Optimizing SLO-oriented LLM Serving with PD-Multiplexing

Authors:Weihao Cui, Yukang Chen, Han Zhao, Ziyi Xu, Quan Chen, Xusheng Chen, Yangjie Zhou, Shixuan Sun, Minyi Guo

Modern LLM services demand high throughput and stringent SLO guarantees across two distinct inference phases-prefill and decode-and complex multi-turn workflows. However, current systems face a fundamental tradeoff: out-of-place compute partition enables per-phase SLO attainment, while in-place memory sharing maximizes throughput via KV cache reuse. Moreover, existing in-place compute partition also encounters low utilization and high overhead due to phase-coupling design. We present Drift, a new LLM serving framework that resolves this tension via PD multiplexing, enabling in-place and phase-decoupled compute partition.
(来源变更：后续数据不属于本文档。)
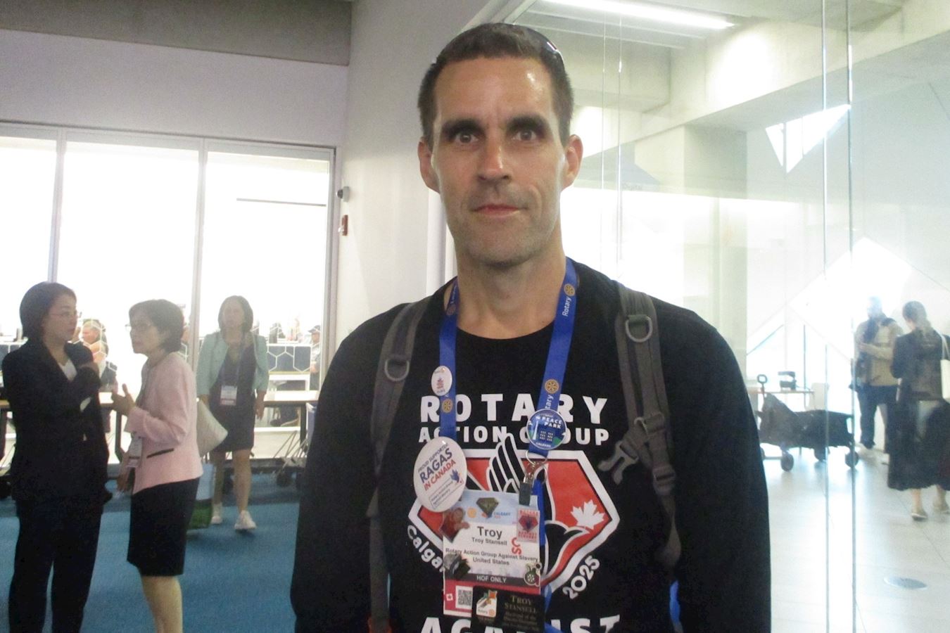 反奴役扶轮社行动小组(RAGAS)成员特洛伊·斯坦塞尔(Troy Stansell)是美国的一位质量工程师。他介绍,自己以前在休斯顿参加会议时,一位法轮功学员讲述了她在劳教所中被迫劳动并被抽血的经历,那时,他就获悉了中共活摘器官的罪恶。
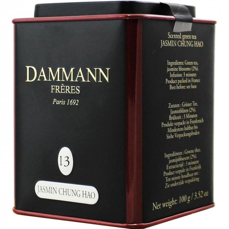Dammann The Jasmin упакован в элегантную жестяную банку черного цвета, которая оберегает вкус и полезные свойства ароматной смеси, а также гармонично вписывается в любой интерьер. Такая упаковка станет достойным презентом для уважаемых людей, партнеров и близких. Чашка великолепного напитка доставит подлинное удовольствие истинным гурманам и любителям утонченных и нежных напитков.
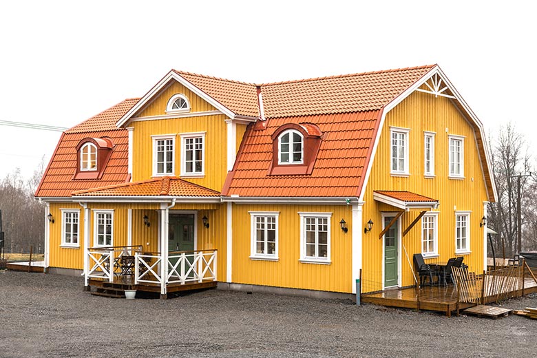 “Vi var i Alingsås Huspakets showroom ett par gånger. Det var bland annat bra att titta på olika fönstermodeller och spröjs. Först hade vi ritat huset med krysspröjs men sedan ändrade vi oss till raka spröjs eftersom vi ville ha dem utanpåliggande. Då räknades det som en ändring i bygglovet. Våra allmogelister valde vi också från Alingsås Huspaket. Vår golvsockel är 12 cm hög och det är inte standard, men de hjälpte oss att hitta en modell som vi gillade”, säger Elsa.
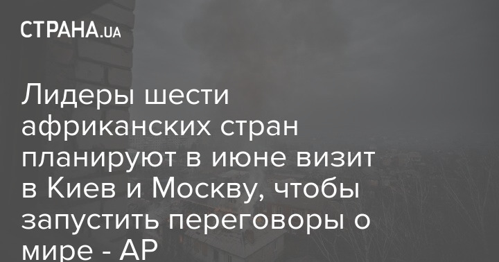 Делегація лідерів шести африканських країн планує у червні відвідати Київ та Москву, щоб ініціювати мирні переговори.
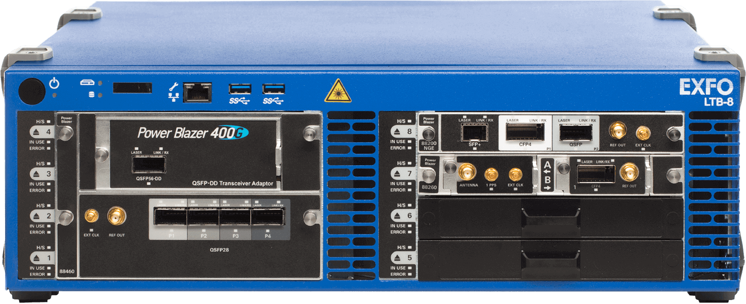 安裝在EXFO的LTB-8機(jī)架(jià)式平台,最多可同時支(zhī)持兩個模塊的運行,成為業內唯一可(kě)進行800G測(cè)試的(de)解(jiě)決方案;在需要(yào)便攜性時,可將FTBx-88460 400G模塊插入到FTB-4 Pro平台內,構成非常緊湊的400G解決方案——便(biàn)於(yú)現場的測試應用(yòng)。
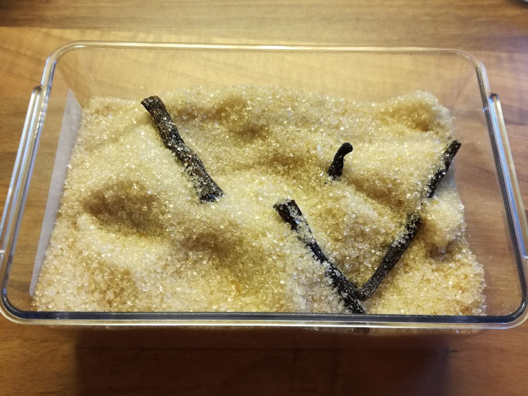 Vaniljestængerne deles, kornene tages ud og hældes i sukkeret.

Drift leverages low-level GPU partitioning techniques to multiplex prefill and decode phases spatially and adaptively on shared GPUs, while preserving in-place memory sharing. To fully leverage the multiplexing capability, Drift introduces an adaptive gang scheduling mechanism, a contention-free modeling method, and a SLO-aware dispatching policy. Evaluation shows that Drift achieves an average $5.1\times$ throughput improvement (up to $17.5\times$) over state-of-the-art baselines, while consistently meeting SLO targets under complex LLM workloads.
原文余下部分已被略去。